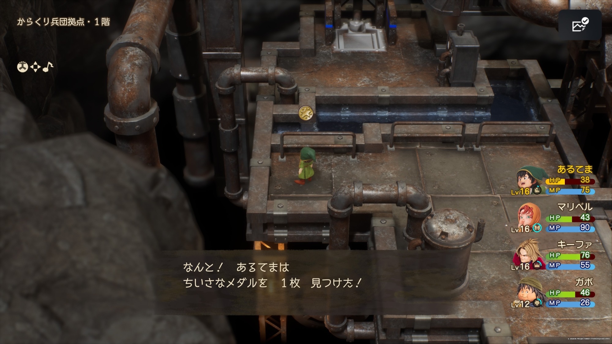 拡大する寄り道にはなりますが、現代のフォロッドを離れる前に、からくり兵団拠点と聖なる湖も小さなメダルを回収するのがおすすめです。
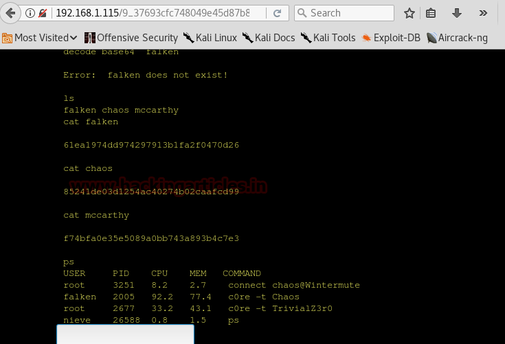 In the ~/usr/falken/ folder we find a hint, when we take a look at the processes we find a command that we need to run.
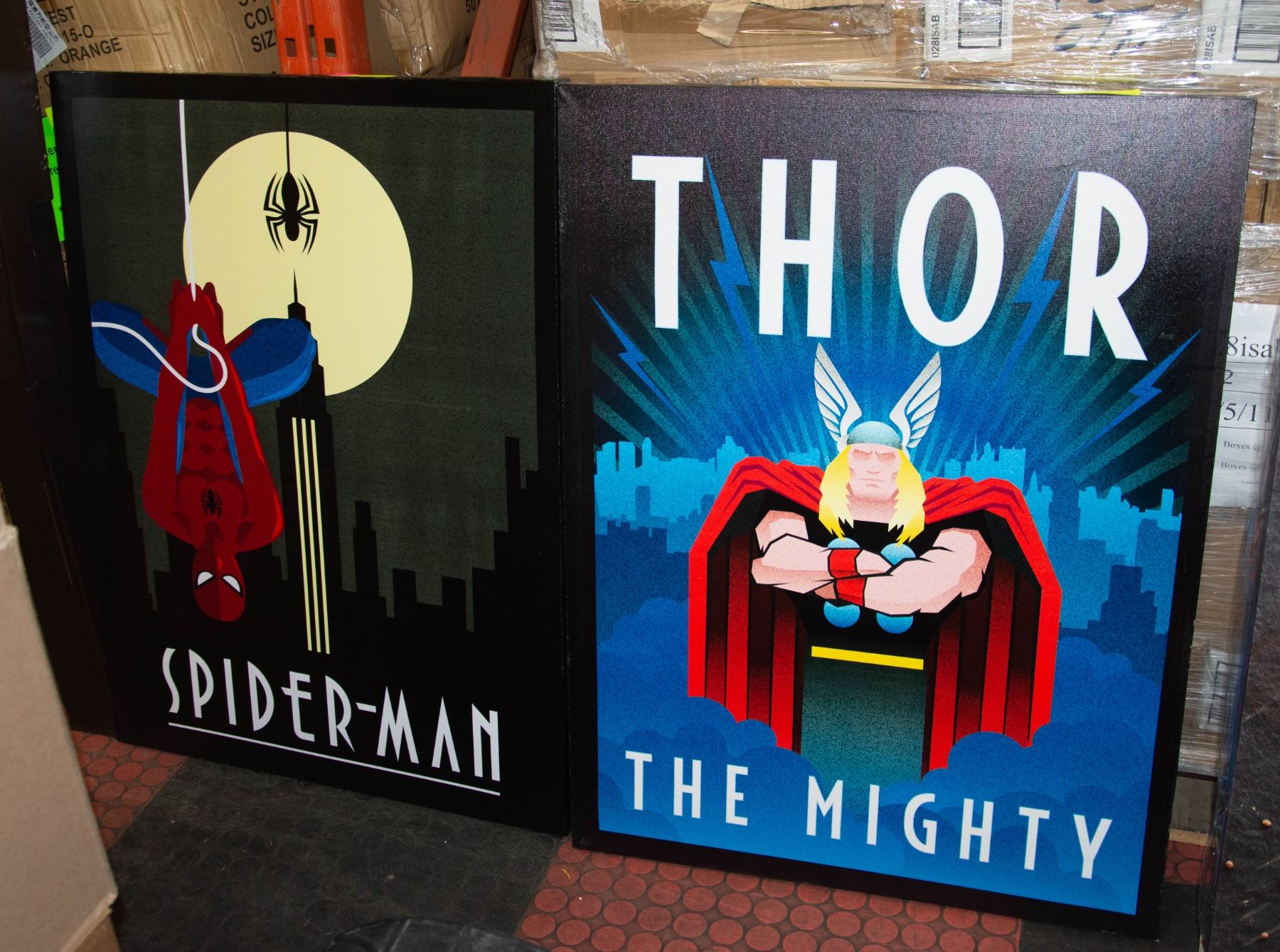 2 ART PIECES SPIDER-MAN AND THOR 32  X 24

════════

= Prompt =
What this calls for is the material above set down exactly, pictures excluded.

= Answer section =
 拡大する寄り道にはなりますが、現代のフォロッドを離れる前に、からくり兵団拠点と聖なる湖も小さなメダルを回収するのがおすすめです。
 In the ~/usr/falken/ folder we find a hint, when we take a look at the processes we find a command that we need to run.
 2 ART PIECES SPIDER-MAN AND THOR 32  X 24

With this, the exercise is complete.